→ HOW TO COMPLETE THIS TASK:
Copy down the listing below exactly. Do not include pictures.

→ AVAILABLE DATA:
= Beginning of Section =

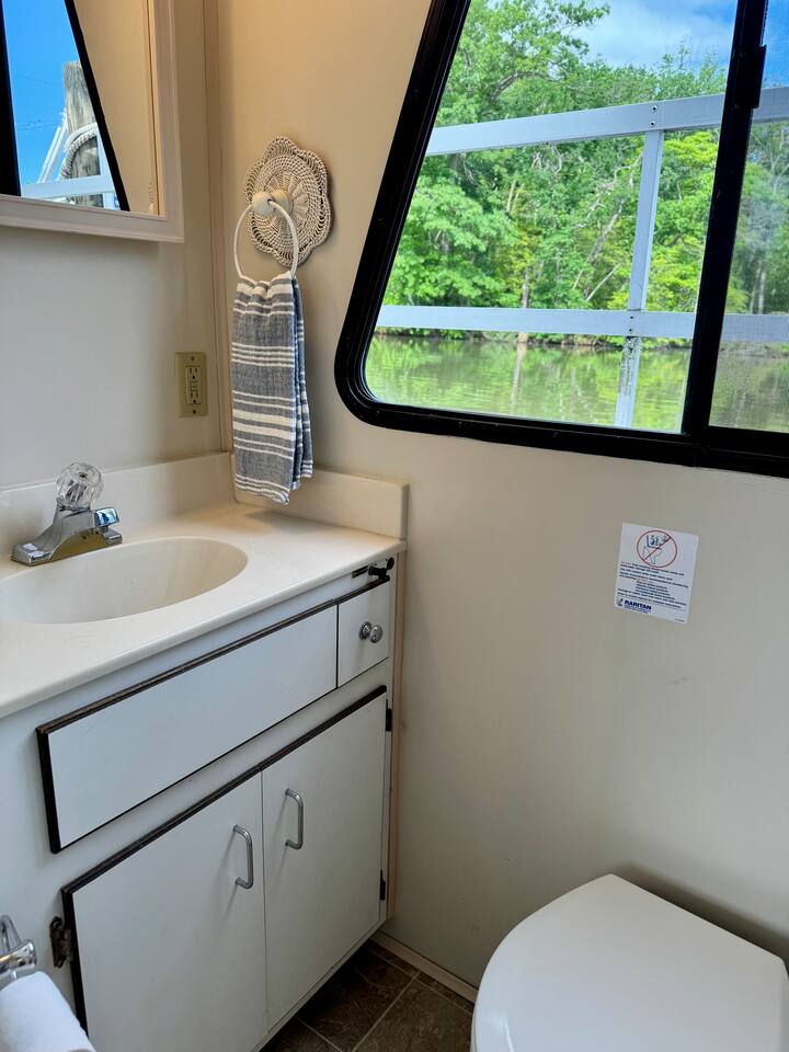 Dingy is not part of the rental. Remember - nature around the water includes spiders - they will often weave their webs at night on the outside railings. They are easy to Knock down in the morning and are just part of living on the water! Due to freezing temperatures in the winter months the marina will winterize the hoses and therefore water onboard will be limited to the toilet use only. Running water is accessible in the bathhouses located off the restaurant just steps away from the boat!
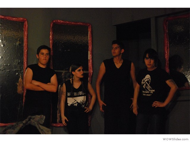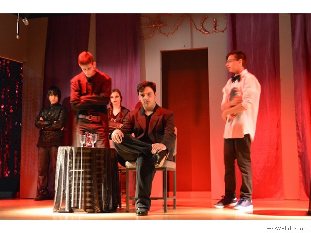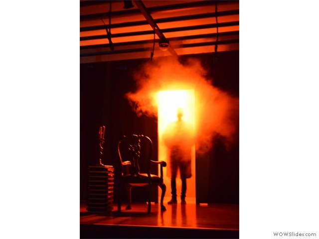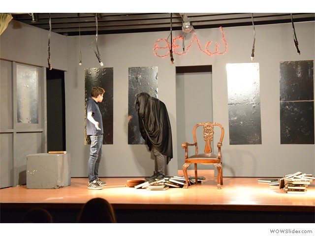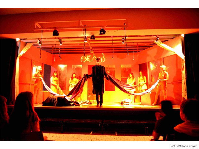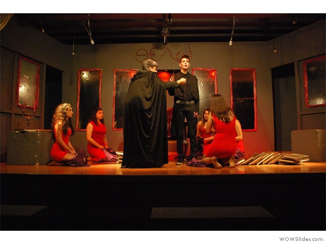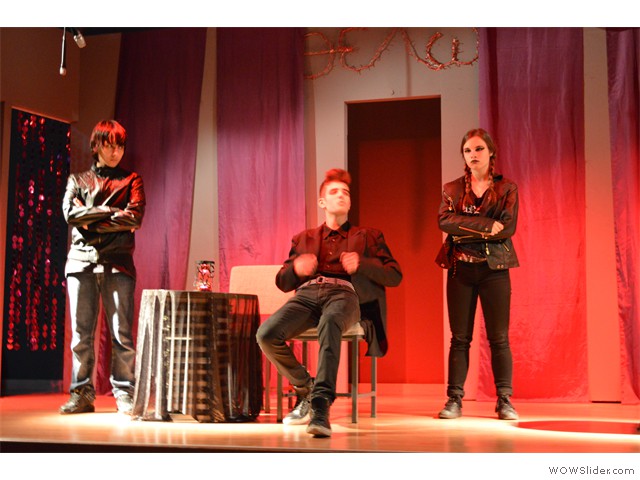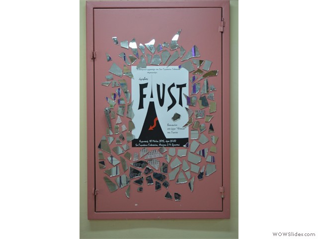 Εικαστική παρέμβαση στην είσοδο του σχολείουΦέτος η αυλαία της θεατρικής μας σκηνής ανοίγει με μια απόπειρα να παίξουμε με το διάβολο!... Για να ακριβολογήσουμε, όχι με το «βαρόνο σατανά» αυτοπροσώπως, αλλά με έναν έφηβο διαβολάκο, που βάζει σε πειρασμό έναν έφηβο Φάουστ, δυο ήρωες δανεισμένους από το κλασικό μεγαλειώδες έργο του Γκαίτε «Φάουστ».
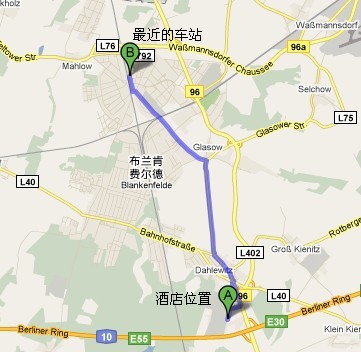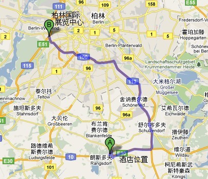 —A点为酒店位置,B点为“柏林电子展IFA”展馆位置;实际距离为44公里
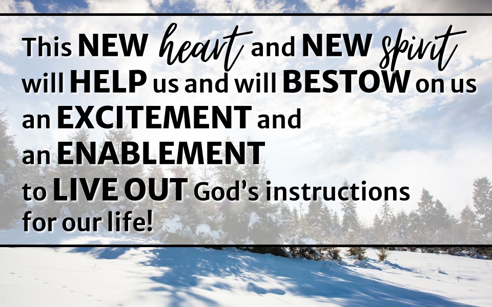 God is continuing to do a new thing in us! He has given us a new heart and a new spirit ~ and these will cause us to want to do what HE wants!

= End of Section =

→ RESPONSE:
 Dingy is not part of the rental. Remember - nature around the water includes spiders - they will often weave their webs at night on the outside railings. They are easy to Knock down in the morning and are just part of living on the water! Due to freezing temperatures in the winter months the marina will winterize the hoses and therefore water onboard will be limited to the toilet use only. Running water is accessible in the bathhouses located off the restaurant just steps away from the boat!
 Εικαστική παρέμβαση στην είσοδο του σχολείουΦέτος η αυλαία της θεατρικής μας σκηνής ανοίγει με μια απόπειρα να παίξουμε με το διάβολο!... Για να ακριβολογήσουμε, όχι με το «βαρόνο σατανά» αυτοπροσώπως, αλλά με έναν έφηβο διαβολάκο, που βάζει σε πειρασμό έναν έφηβο Φάουστ, δυο ήρωες δανεισμένους από το κλασικό μεγαλειώδες έργο του Γκαίτε «Φάουστ».
 —A点为酒店位置,B点为“柏林电子展IFA”展馆位置;实际距离为44公里
 God is continuing to do a new thing in us! He has given us a new heart and a new spirit ~ and these will cause us to want to do what HE wants!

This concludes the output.